* [The task]: Copy the data that follows, character for character, minus the pictures.

* * * *

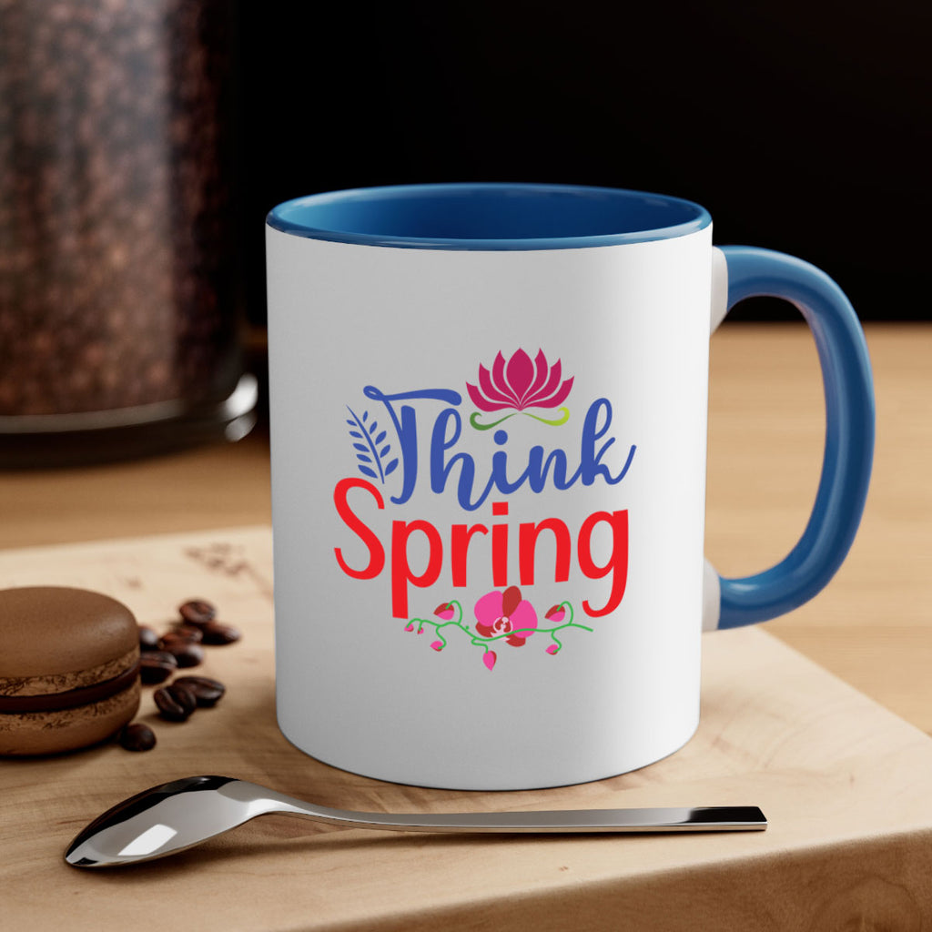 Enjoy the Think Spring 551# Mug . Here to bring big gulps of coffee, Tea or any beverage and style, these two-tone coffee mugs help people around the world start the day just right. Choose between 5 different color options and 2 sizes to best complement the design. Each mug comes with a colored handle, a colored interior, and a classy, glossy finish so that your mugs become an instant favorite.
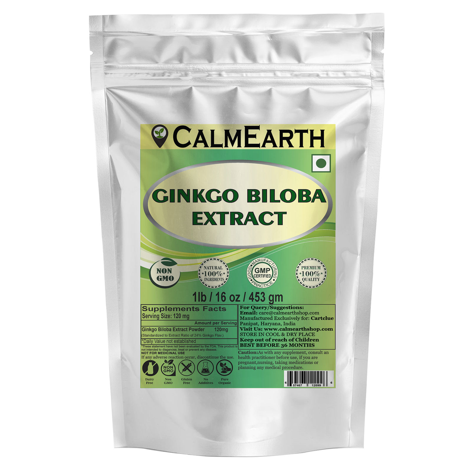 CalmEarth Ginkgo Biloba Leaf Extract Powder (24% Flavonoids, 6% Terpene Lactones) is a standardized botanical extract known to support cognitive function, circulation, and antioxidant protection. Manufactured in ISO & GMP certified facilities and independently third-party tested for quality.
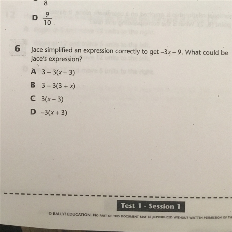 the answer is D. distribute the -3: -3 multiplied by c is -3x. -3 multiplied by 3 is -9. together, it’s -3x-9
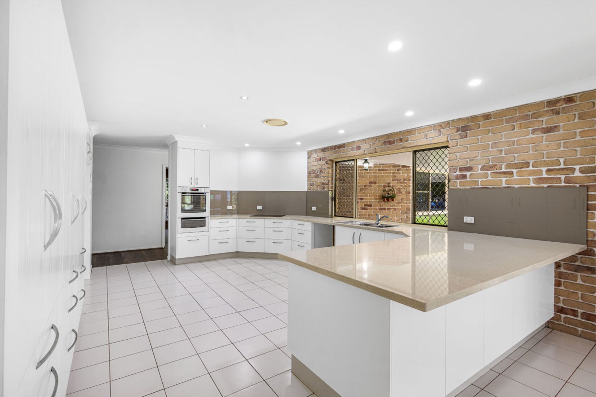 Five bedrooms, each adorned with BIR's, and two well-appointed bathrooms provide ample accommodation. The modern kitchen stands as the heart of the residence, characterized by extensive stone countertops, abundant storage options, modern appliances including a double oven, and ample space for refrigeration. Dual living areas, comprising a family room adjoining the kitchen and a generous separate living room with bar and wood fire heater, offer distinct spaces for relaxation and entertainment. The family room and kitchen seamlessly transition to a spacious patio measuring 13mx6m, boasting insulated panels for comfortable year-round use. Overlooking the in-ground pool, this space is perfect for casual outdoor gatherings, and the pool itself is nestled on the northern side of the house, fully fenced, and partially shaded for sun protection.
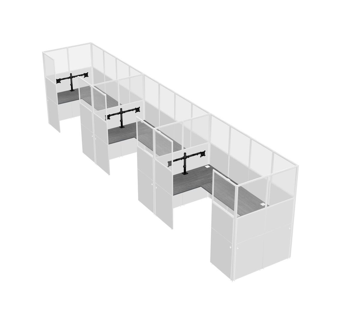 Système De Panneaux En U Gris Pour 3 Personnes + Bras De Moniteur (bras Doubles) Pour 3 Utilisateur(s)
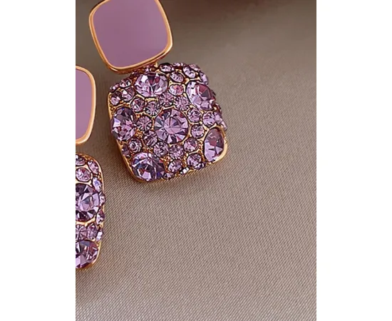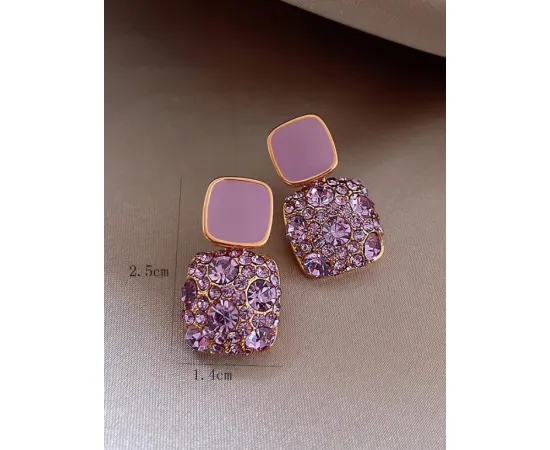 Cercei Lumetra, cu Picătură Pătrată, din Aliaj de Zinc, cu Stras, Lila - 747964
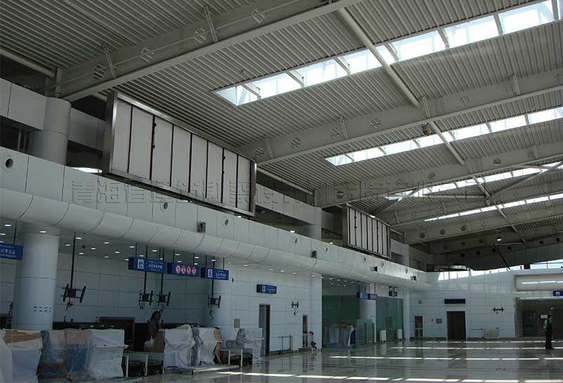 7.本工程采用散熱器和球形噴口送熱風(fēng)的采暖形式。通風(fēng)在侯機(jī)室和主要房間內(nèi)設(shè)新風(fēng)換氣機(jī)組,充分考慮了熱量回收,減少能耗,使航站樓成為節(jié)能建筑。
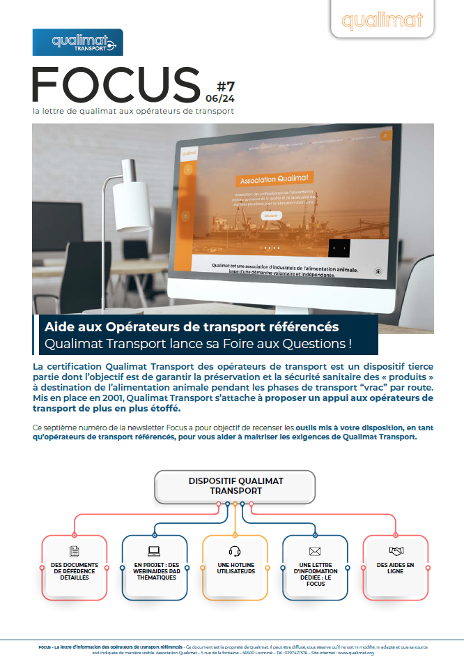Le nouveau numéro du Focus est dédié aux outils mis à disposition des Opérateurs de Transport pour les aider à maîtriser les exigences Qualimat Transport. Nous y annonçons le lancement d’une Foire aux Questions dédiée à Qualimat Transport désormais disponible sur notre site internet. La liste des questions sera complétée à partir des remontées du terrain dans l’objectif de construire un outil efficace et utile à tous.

* * * *

* [Exercise response]:
 Enjoy the Think Spring 551# Mug . Here to bring big gulps of coffee, Tea or any beverage and style, these two-tone coffee mugs help people around the world start the day just right. Choose between 5 different color options and 2 sizes to best complement the design. Each mug comes with a colored handle, a colored interior, and a classy, glossy finish so that your mugs become an instant favorite.
 CalmEarth Ginkgo Biloba Leaf Extract Powder (24% Flavonoids, 6% Terpene Lactones) is a standardized botanical extract known to support cognitive function, circulation, and antioxidant protection. Manufactured in ISO & GMP certified facilities and independently third-party tested for quality.
 the answer is D. distribute the -3: -3 multiplied by c is -3x. -3 multiplied by 3 is -9. together, it’s -3x-9
 Five bedrooms, each adorned with BIR's, and two well-appointed bathrooms provide ample accommodation. The modern kitchen stands as the heart of the residence, characterized by extensive stone countertops, abundant storage options, modern appliances including a double oven, and ample space for refrigeration. Dual living areas, comprising a family room adjoining the kitchen and a generous separate living room with bar and wood fire heater, offer distinct spaces for relaxation and entertainment. The family room and kitchen seamlessly transition to a spacious patio measuring 13mx6m, boasting insulated panels for comfortable year-round use. Overlooking the in-ground pool, this space is perfect for casual outdoor gatherings, and the pool itself is nestled on the northern side of the house, fully fenced, and partially shaded for sun protection.
 Système De Panneaux En U Gris Pour 3 Personnes + Bras De Moniteur (bras Doubles) Pour 3 Utilisateur(s)
 Cercei Lumetra, cu Picătură Pătrată, din Aliaj de Zinc, cu Stras, Lila - 747964
 7.本工程采用散熱器和球形噴口送熱風(fēng)的采暖形式。通風(fēng)在侯機(jī)室和主要房間內(nèi)設(shè)新風(fēng)換氣機(jī)組,充分考慮了熱量回收,減少能耗,使航站樓成為節(jié)能建筑。
Le nouveau numéro du Focus est dédié aux outils mis à disposition des Opérateurs de Transport pour les aider à maîtriser les exigences Qualimat Transport. Nous y annonçons le lancement d’une Foire aux Questions dédiée à Qualimat Transport désormais disponible sur notre site internet. La liste des questions sera complétée à partir des remontées du terrain dans l’objectif de construire un outil efficace et utile à tous.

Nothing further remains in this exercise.